11 Januari 2023
JAKARTA – Pertanyaan telah diajukan oleh banyak orang tentang seperti apa prospek ekonomi tahun 2023. Hal ini logis setelah perekonomian Indonesia tumbuh kuat di tahun 2022.
Tetapi untuk mengevaluasi prospek Indonesia 2023, seseorang harus melalui pertanyaan-pertanyaan berikut:
Akankah bank sentral terus menaikkan suku bunga tahun ini untuk melawan inflasi?
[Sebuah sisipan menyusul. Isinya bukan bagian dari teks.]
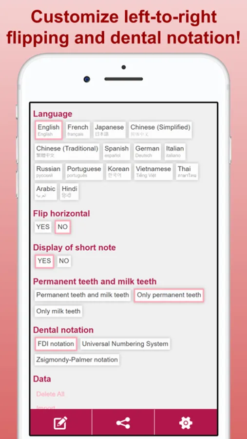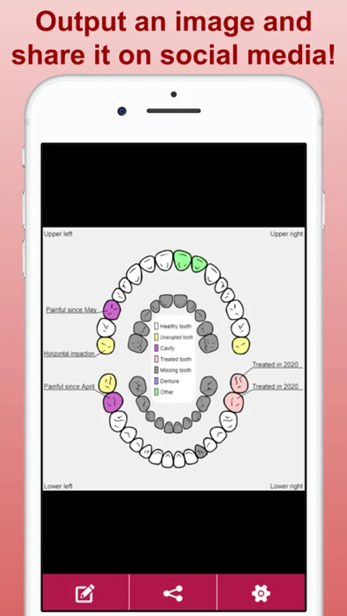 The condition and notes of the teeth can be saved as an image in the device and shared through various social media, such as Instagram, Twitter, Facebook and LINE.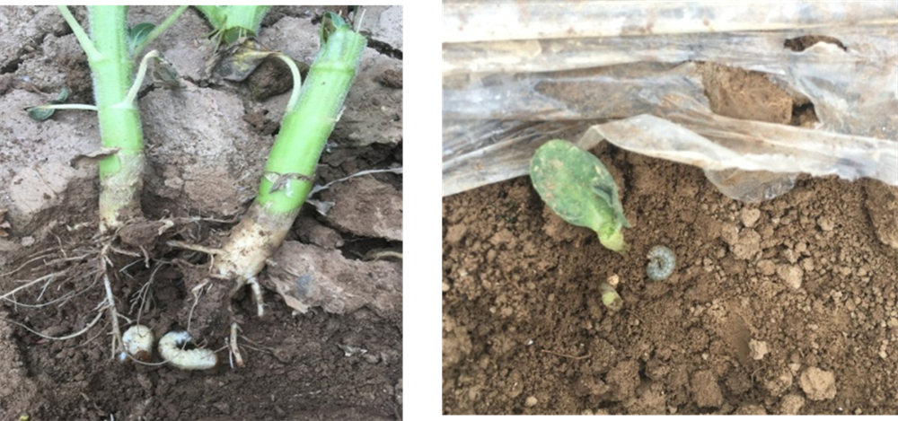 主要有蛴螬、地老虎等。主要危害植株的地下部,咬食根茎部位,地老虎幼虫还为害幼苗的嫩叶、叶心。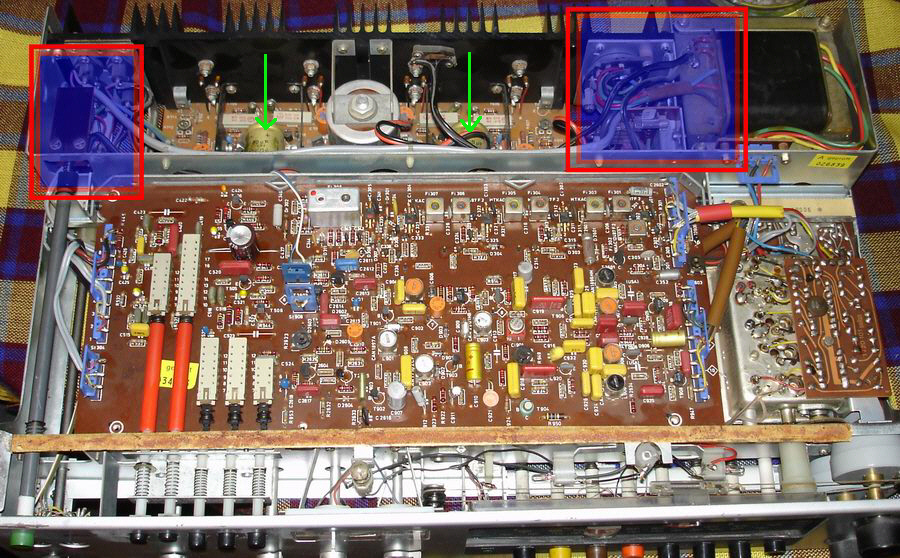 Die beiden fraglichen Elkos sollten die mit den grünen Pfeilen markierten sein. Den Beitrag zu den restaurierten Roederstein Elkos habe ich jetzt auch nicht gefunden.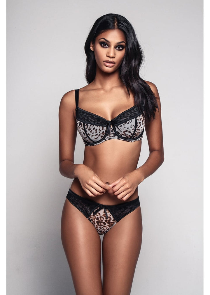 The Kitty thong has a leopard mesh front panel with black mesh sides and a satin waist band.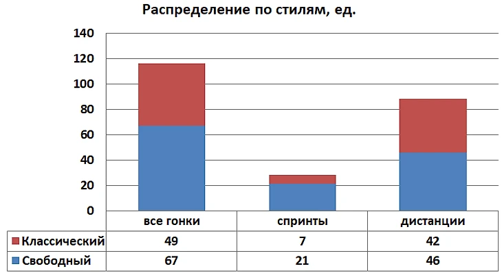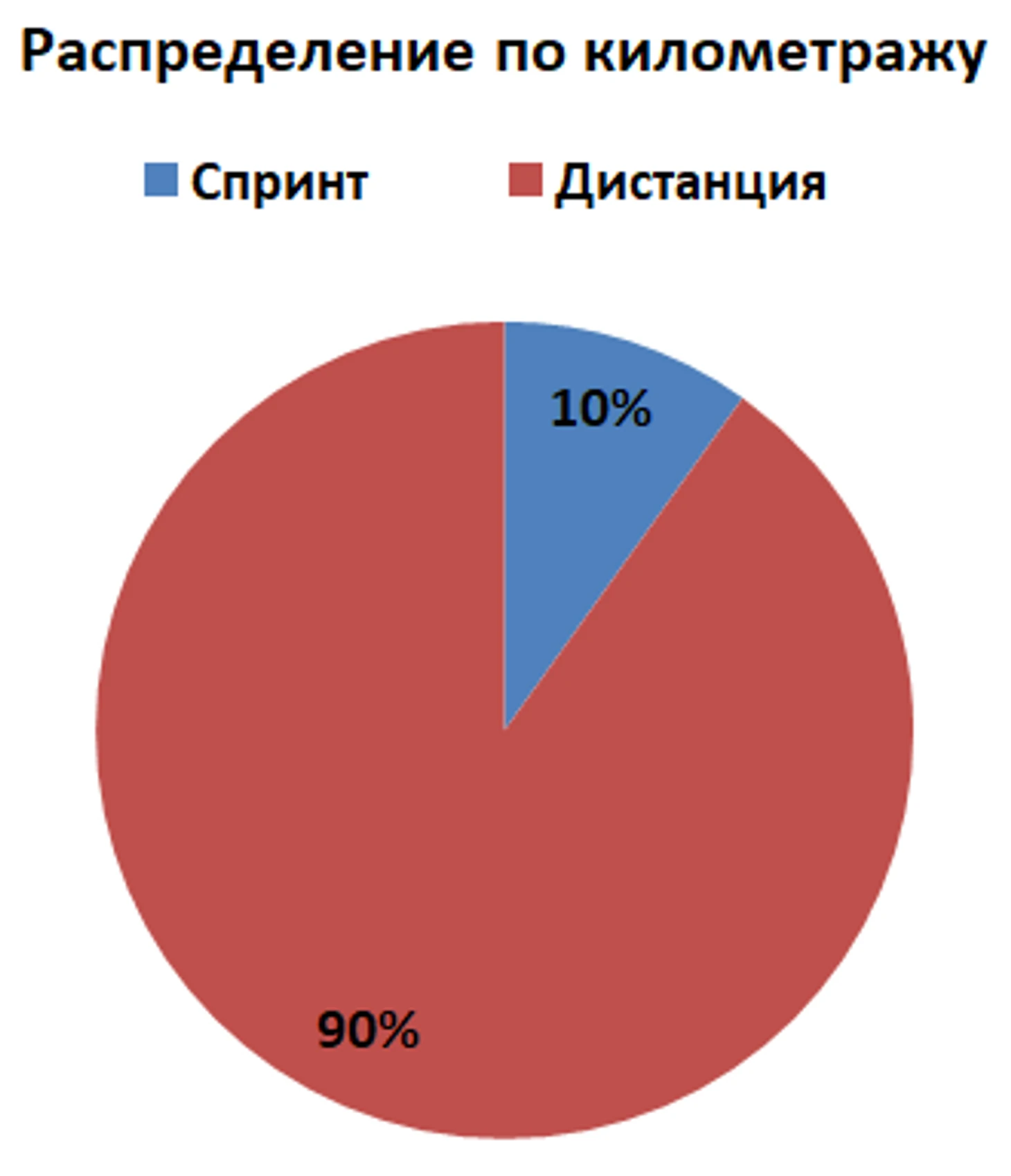 Протяженность спринта взял равным 5км, так как все победители и призеры до полуфиналов обычно доходят, соответственно, в среднем длина 1.5км, квалификация, четвертьфинал и полуфинал, тобишь 5км плюс минус.

Apakah pengetatan moneter yang terus berlanjut akan menyebabkan kemerosotan ekonomi atau bahkan resesi? Secara historis, diperlukan waktu beberapa bulan agar pengetatan kebijakan dapat berdampak pada perekonomian, lalu apakah perlambatan atau resesi akan terjadi pada paruh kedua tahun ini? Dan jika hal ini benar-benar terjadi, seberapa parah atau sedangkah perlambatan atau resesi tersebut? Akankah perang di Ukraina berakhir? Bagaimana dengan perekonomian Tiongkok setelah pemerintahnya mengabaikan kebijakan ketat nol-COVID, mencabut pembatasan sosial, dan mulai membuka perekonomiannya? Akankah hal ini mengembalikan lintasan ekonomi Tiongkok ke pertumbuhan yang lebih tinggi, sehingga memicu kenaikan harga bahan mentah dan energi?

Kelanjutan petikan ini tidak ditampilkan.